Fujitsu paves the way to exascale computing with powerful new NEXTGenIO hardware platform

News facts:

• Following successful testing, Fujitsu hands over ultra-high-performance computing cluster for release to operations at University of Edinburgh as part of a Horizon 2020 research project.
• NEXTGenIO prototype system developed by Fujitsu demonstrates breakthrough results in a range of high performance computing (HPC) applications for faster research discoveries and more accurate modelling of complex systems.
• Fujitsu committed to further accelerating advances in high-performance computing through industry co-creation.

Fujitsu is pushing the boundaries of high-performance computing (HPC) with a newly developed hardware cluster that will increase the pace of scientific research and lead to better and faster understanding of complex systems, such as weather forecasts.

The platform’s groundbreaking computing performance has been successfully validated at EPCC, the University of Edinburgh’s supercomputing centre, and handed over by Fujitsu for release to operations. Fujitsu created the prototype in a close co-creation process with hardware and software vendors, universities and research institutes as part of the NEXTGenIO1 research and development project funded by the European Commission’s Horizon 2020 programme.

The objective of the NEXTGenIO project is to solve this input/output (I/O) bottleneck by designing and developing a new, scalable, high-performance and energy-efficient computing platform capable of delivering scalable I/O performance to applications at the Exascale.

Following testing and validation, a prototype 34-node computing cluster designed by Fujitsu using Intel components, has now been handed over and released to operations at EPCC’s Advanced Computing Facility at the University of Edinburgh.

Focusing on maximum performance, Fujitsu developed the NEXTGenIO system and systemware to close the gap between memory and storage by leveraging Intel Optane DC Persistent Memory Modules.2 Each of the 34 compute nodes is equipped with two second-generation Intel Xeon Scalable Family processor CPUs and 3TB of Intel Optane DC persistent memory, and includes a software stack to seamlessly support I/O and memory intensive workloads.

Ingolf Stärk, Senior Director, HPC, Fujitsu, says: “We are delighted to deliver the results of a very successful co-design process.

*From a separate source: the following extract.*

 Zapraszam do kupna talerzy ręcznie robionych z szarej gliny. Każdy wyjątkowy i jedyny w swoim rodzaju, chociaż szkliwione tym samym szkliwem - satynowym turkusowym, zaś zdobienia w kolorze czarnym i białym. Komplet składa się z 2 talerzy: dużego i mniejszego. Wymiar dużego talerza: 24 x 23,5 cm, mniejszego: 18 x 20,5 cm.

Together with the other project partners, we have created an ultra-high-performance computing platform that will pave the way for the extremely data-intensive, next-generation computing challenges of the future. Fujitsu is committed to driving the joint development of the European ecosystem for high-performance computing.”

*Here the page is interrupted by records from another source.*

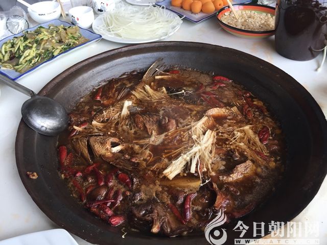到了杏府山莊,玩夠瘋夠耍累了,假如你有興致,必不可少要吃灶臺(tái)宴。一幫吃客圍坐著,眼睛盯在鐵鍋里,吃著鐵鍋燉魚,滋嘍滋嘍地喝著魚湯,品著“賽茅臺(tái)”本地小燒酒,那種爽快、愜意的感覺在舌尖上回味無窮,美了,絕了!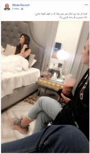 لاہور (ویب ڈیسک) متنازعہ سوشل میڈیا سٹار بھولا ریکارڈ نے ایک اور متنازعہ شخصیت حریم شاہ کی نئی تصویر فیس بک پر شیئر کی ہے۔بھولا ریکارڈ کی جانب سے شیئر کی جانے والی تصویر کسی ہوٹل کے بیڈ روم کی ہے جس میں ایک خاتون کو بیڈ پر بیٹھے ہوئے دیکھا جاسکتا ہے۔ اس تصویر میں حریم شاہ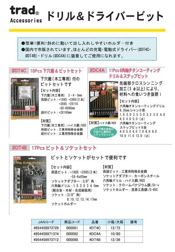 【商品名】(業務用10セット) TRAD 下穴錐&ビットセット 【10本組×10セット】 DT4C 〔DIY用品/大工道具〕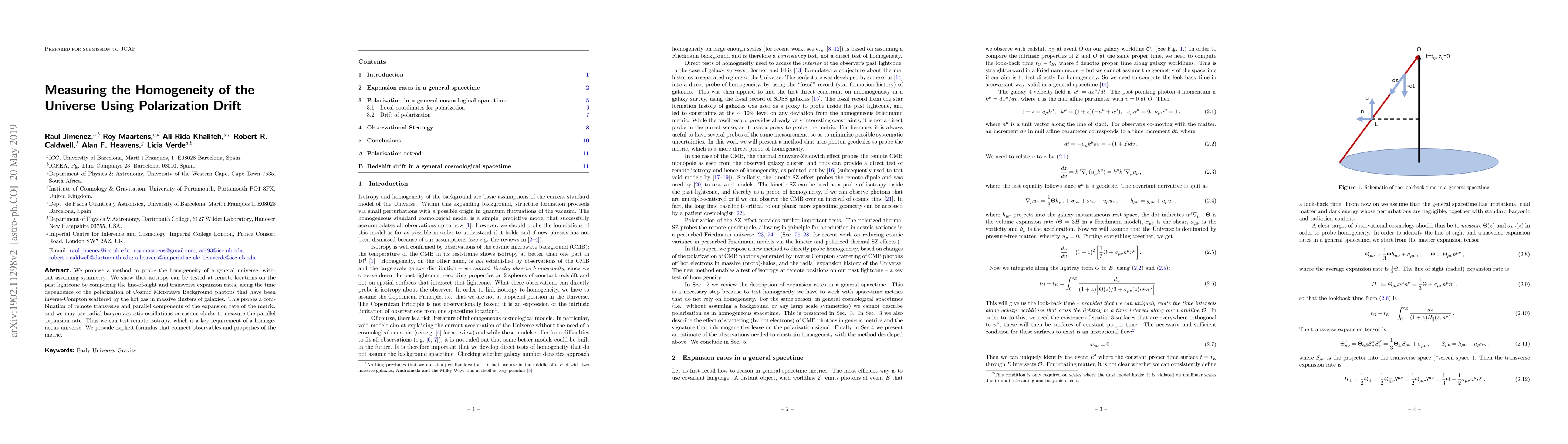 This research introduces a method to measure the homogeneity of the universe by comparing line-of-sight and transverse expansion rates using the polarization drift of Cosmic Microwave Background photons. It offers formulas linking observables to metric properties, enabling remote isotropy testing, crucial for a homogeneous universe assumption.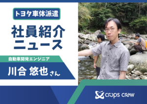 今回ご紹介するのは川合 悠也さん。トヨタ車体で企画エンジニアとして活躍する川合さんに、日々の仕事とクロップス・クルーらしさを伺いました! これまでの経歴 クロップス・クルーに新卒で入… 続きを読む: ◇社員紹介ニュース vol.18◇ 川合さん(企画) - ◇社員紹介ニュース vol.17◇ 宇佐美さん(コンサルティング)

Professor Mark Parsons, EPCC Direct and Project Coordinator of NEXTGenIO, says: “We are proud to be hosting and operating the NEXTGenIO prototype cluster, which will allow us to push the boundaries of research into memory and I/O bottlenecks often experienced by HPC and high-performance data analytics applications. The collaboration with Fujitsu in particular has been excellent, and it has been exciting to witness the progress all the way from leading the design of the architecture to taking delivery of the hardware, which we are sure will be transformational for many applications.”

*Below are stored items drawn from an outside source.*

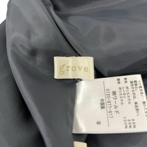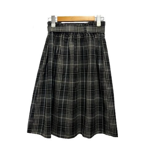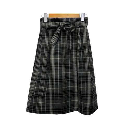 グローブ grove スカート 巻きスカート フレアー ひざ丈 チェック 総柄 M グレー マルチカラー レディース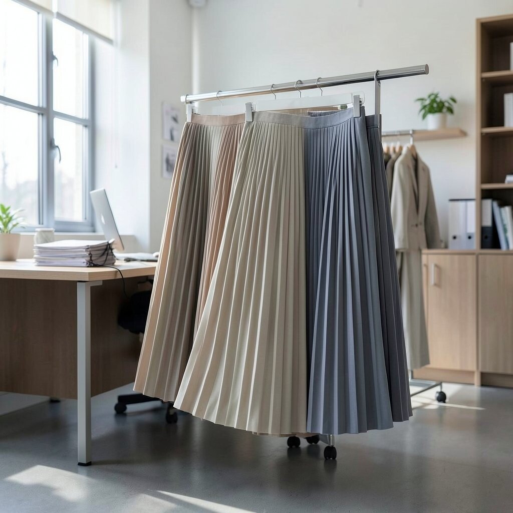 Pleated skirts bring motion and a soft, flowing shape to office clothing. They can make a simple top look more lively right away.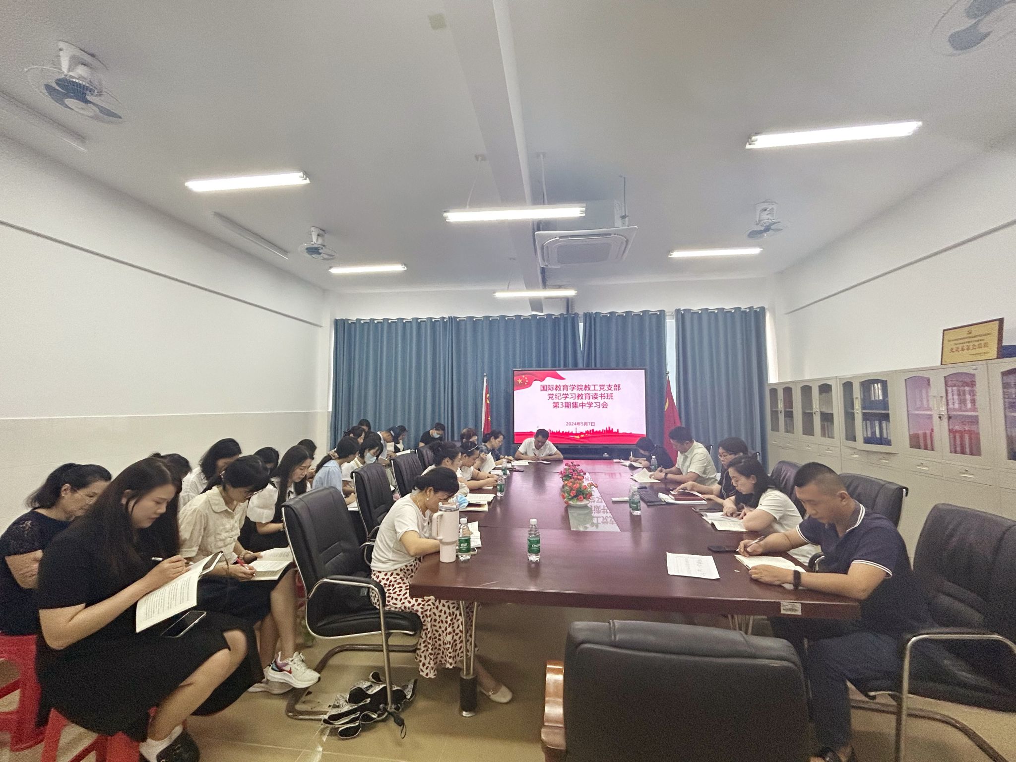 2024年5月7日下午,国际教育公司教工党支部在5-405开展了《中国共产党纪律处分条例》第三期集中学习会。本次学习会由韩大伟、李红梅、易水涵、向梅四位同志领学,全体党员集中学习《条例》第三章和第四章。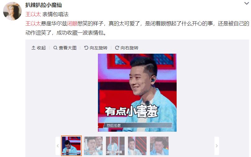 在愛奇藝專訪中,王以太也解釋自己的「表情包唱法」,不過也笑稱之後會做好表情管理。對於舞台上表情豐富的他,王以太認為「唱歌就是要投入嘛,不過我以後會多注意的」,甚至還問了一旁節目中的「顏值擔當」Ice,「你怎麼這麼會管理你自己的表情」,Ice解釋他就是唱歌太投入,王以太繼續追問解決辦法,Ice笑說「那你就在投入的時候,想一想自己的表情會不會可能有點醜。」無奈的王以太最後仍相當有自信的說,「我覺得我怎麼樣都帥」。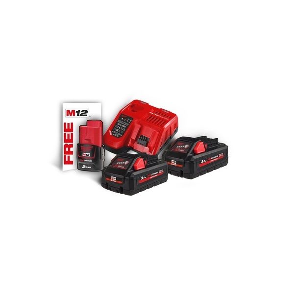 Energy Kit Caricabatteria + 2 Batterie M18 3AH + 1 Batteria M12 2AH Extra Milwaukee M18 HNRG-302 - 4933471071
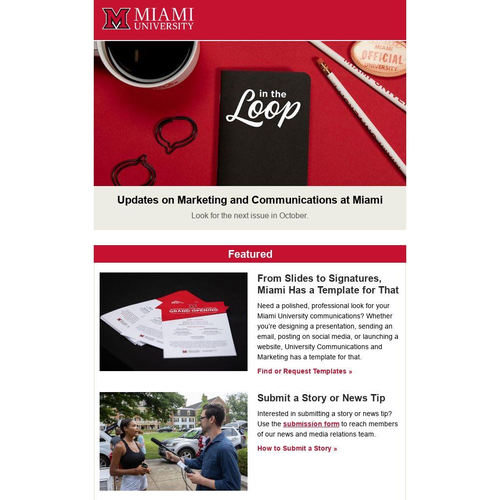 Need a polished, professional look for your Miami University communications? Whether you’re designing a presentation, sending an email, posting on social media, or launching a website, University Communications and Marketing has a template for that.

The NEXTGenIO consortium partners have already demonstrated impressive performance improvements with the new computing technology. 3

• ECMWF, the European Centre for Medium-Range Weather Forecasts, is one of the end-users represented in the NEXTGenIO project. ECMWF prepares its weather forecasting systems for the massively parallel supercomputing facilities of the future and its reporting the NEXTGenIO prototype shows an increase of end-to-end bandwidth with the distributed field data base of about factor 10, in comparison with today’s conventional I/O system based on Lustre/HDD.
• The efficiency of the utilisation of compute resources and the scientific throughput is increased with the NEXTGenIO system when tested with CASTEP – a leading simulation code for materials science – opening up the potential for rapidly accelerated research projects across multiple domains. For a DNA simulation with CASTEP, a relative efficiency improvement of about 2x has been achieved.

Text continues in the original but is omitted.